Армия любовников

Щербакова Галина Николаевна

Роман Галины Щербаковой «Армия любовников» – это еще один вариант женской судьбы, еще один вариант сильного женского характера. Героиня по имени Ольга не останавливается ни перед чем, чтобы найти и отвоевать свою любовь. Она не задается вопросом: а любовь ли это, или так, очередное кружение сердца? Пусть ошибка, пусть разочарование, которому неминуемо сопутствуют боль и стыд, но лучше так, чем всю жизнь прожить в плену здравого смысла…

С некоторых пор я жду телефонного звонка. Ожидание почему-то всегда настигает меня у раковины, когда я выковыриваю из стока чаинки, невероятно раздражающие мужа. Я никогда не достигну совершенства в очищении системы стоков, но именно в момент стремления к нему я остро хочу, чтоб она мне позвонила.

Хочу услышать ее голос, в котором так рядышком живут нахрапец и насмешка над ним же. Сначала она спросит, звонит ли Шурик. На этом меня легко подзавести: Шурик не звонит. Те заграничные деньги, на которые он живет далеко-далече, дороже наших. Я это понимаю, что не мешает мне обижаться.

Тут, глядя одним глазом «Санта-Барбару», я вдруг обнаружила: такого понятия, как обидеться, у тамошних героев как бы и нет. Они обходятся без него легко и просто, как мы без личных адвокатов. Может, острое чувство обиды и есть наша защита, когда никакой другой нет. Впрочем, я ведь не о том. Я о том, какой первый вопрос она мне задаст, если позвонит. Десять лет тому назад она спрашивала, как «проявляется» молодая невестка и правда ли, что я ее так уж люблю или придуряюсь, чтоб выглядеть лучше других. У нее всегда вопросы с этой… подъ…кой. Прости меня, Господи! Двадцать лет назад она спрашивала, какие у сына размеры… Первые джинсы для него привезла мне она. Венгерские, за 80 рэ, остальным – за 120.

Теперь вот канула. «Слава Богу, – говорит муж, – что у тебя с ней общего?»
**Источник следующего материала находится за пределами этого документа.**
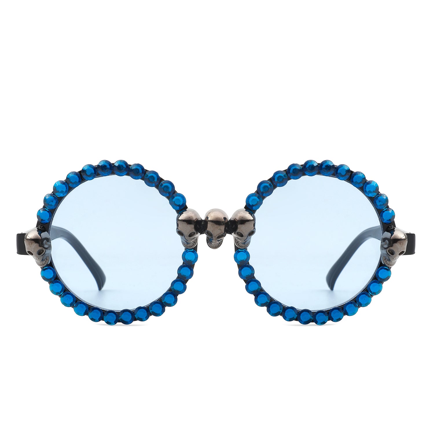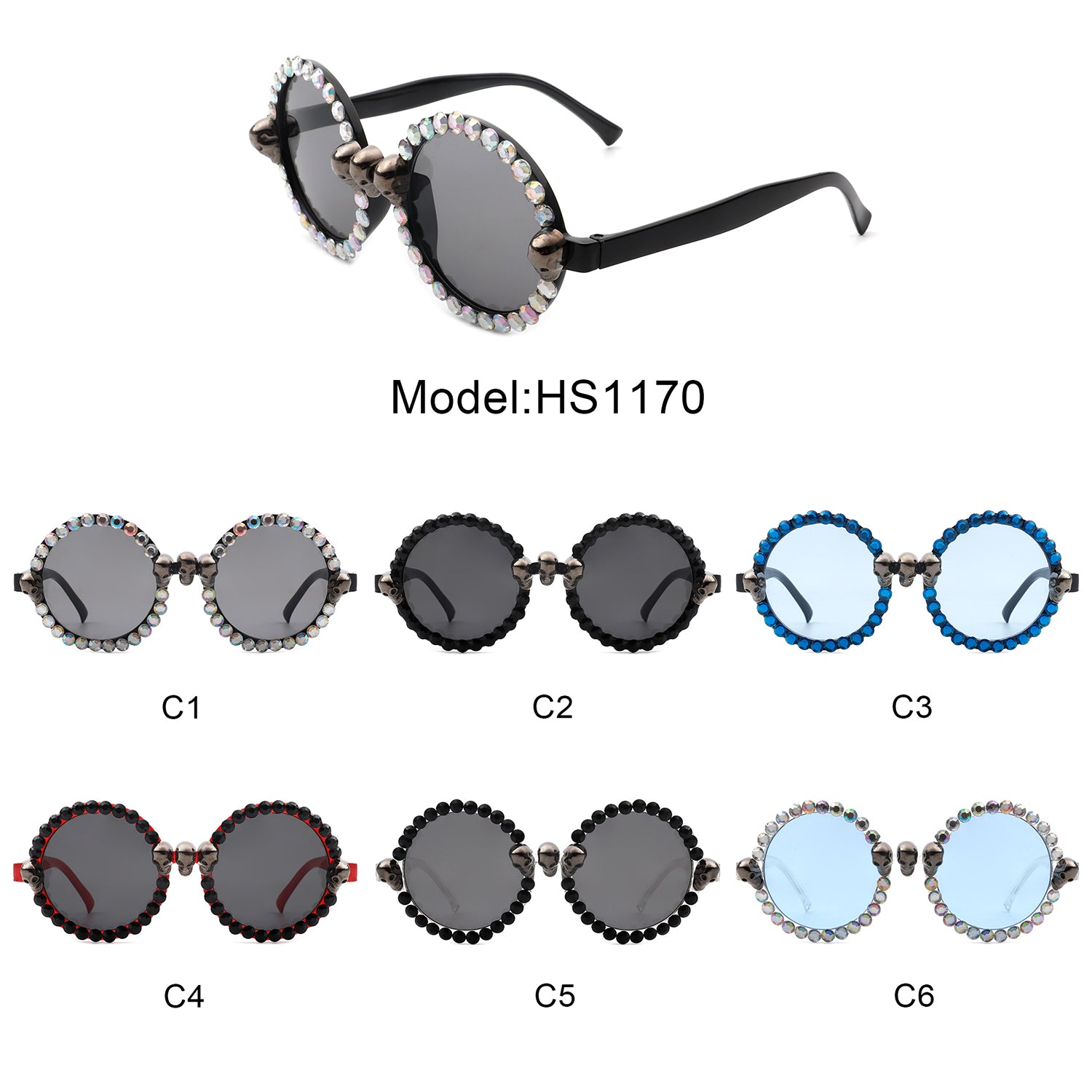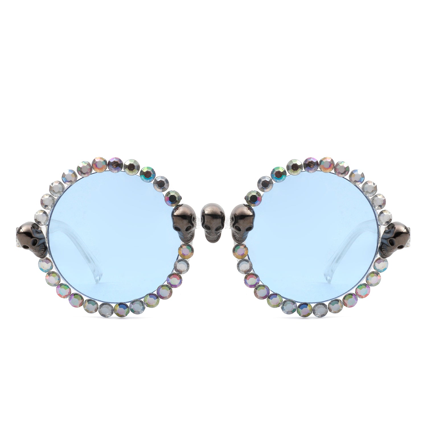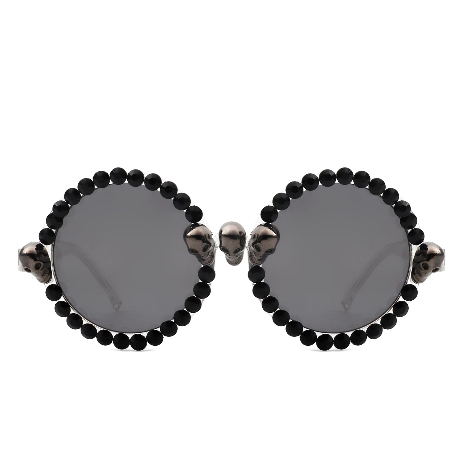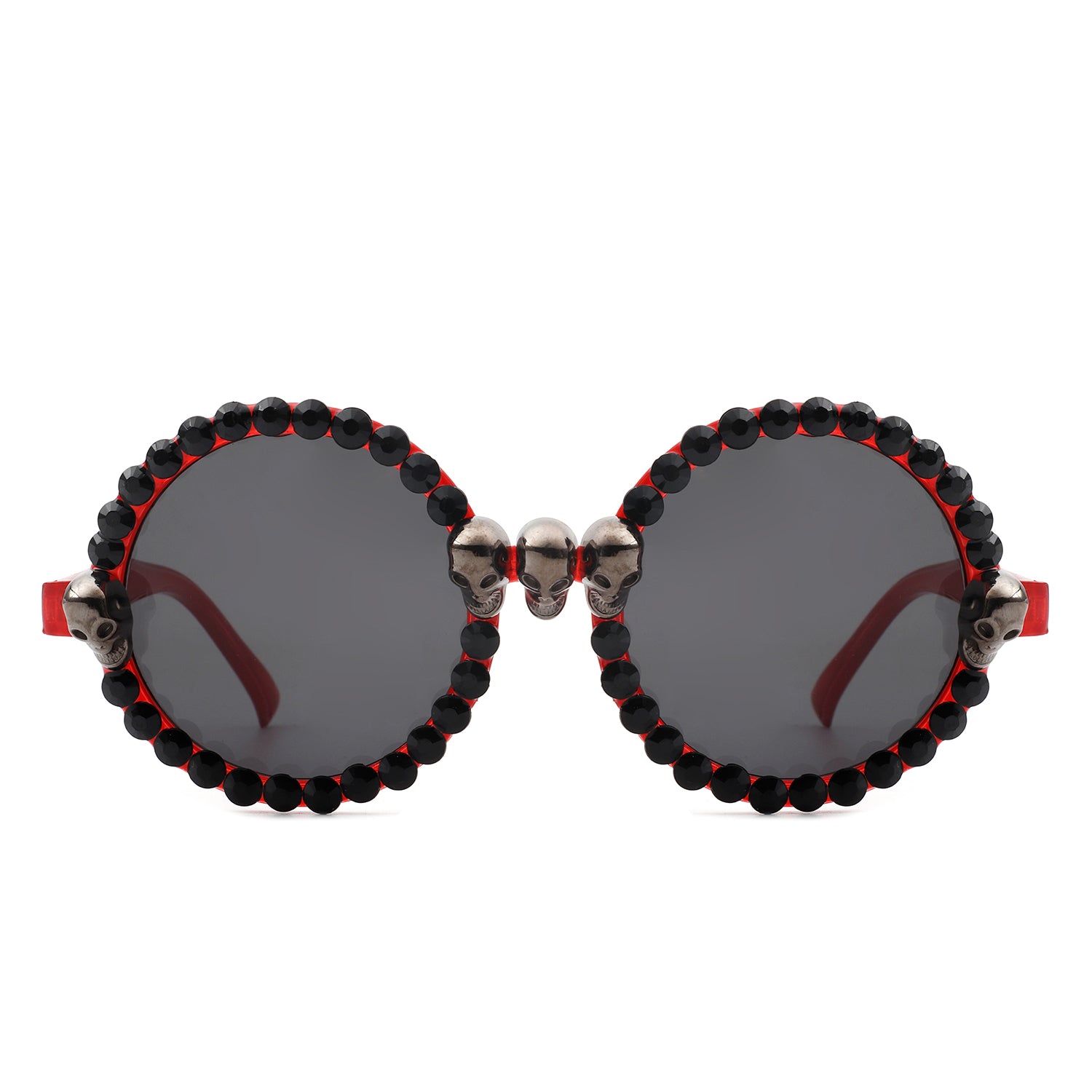 HS1170 - Round Retro Gothic Rhinestone Skull Punk Party Wholesale Sunglasses

В эти минуты я вижу его насквозь, потому что знаю: он говорит так, чтоб потрафить мне.

Федор

…Первое воспоминание жизни – воспоминание о мальчике, который писает ей на ноги. Потрясение от совершенного, в отличие от ее, приспособления, делающего это дело, оглушительный гнев, что у нее не так, ор, рев, мальчика уносят, ее уносят тоже и грубо бросают на спину, чтоб стянуть мокрые чулочки. Потом ничего-ничего, и снова мальчик, который ездит на велосипеде туда-сюда по коридору. У нее нет велосипеда, и она снова кричит, и получается, что Федор вошел в ее жизнь чувством завистливого гнева. Но это сейчас так можно сформулировать. Взрослый ум обращается с фактами вольно, он их тасует, он от них освобождается, он их подменяет, одним словом, полагаясь на ум, ты полагаешься на вещь не безусловно точную – ум химичит будь здоров. А тогда, в детстве, ничего подобного быть не могло. Слезы непринужденно переходили в смех, зависть – в подельчивость, они прожили с Федькой долгую счастливую коридорную жизнь, сейчас вспоминаешь – одна радость. Хорошее надо держать в резервации, и холить его, и нежить. Высаживать хорошее в грунт жизни – дело глупое и бесполезное. Хорошее до ничего растворяется в жизненной массе, оно не дает чистых побегов, оно забывает себя, оно доверчиво притуливается к чему ни попадя, глядишь – у него уже и лицо не то, и походка, и пахнет оно дерьмецом, а с таких начиналось фиалок!

Через много лет, встретившись после детства с Федором, Ольга с порога кинулась понимать и любить его, как тогда, раньше… И чем кончилось?

У Федора была мама, которая осталась в памяти съемным сиденьем для унитаза, зажатым под мышкой. Мама выхаживала по коридору туда-сюда, такая опрятная, подтянутая дама. «Ей бы веер из перьев в руки, а не этот деревянный круг», – думала уже впоследствии Ольга, когда прошлое стало распадаться на отдельные части, и эти части несли в себе нечто противоположное друг другу, тогда как не в распадке оно, прошлое, являло собой вполне цельное целое.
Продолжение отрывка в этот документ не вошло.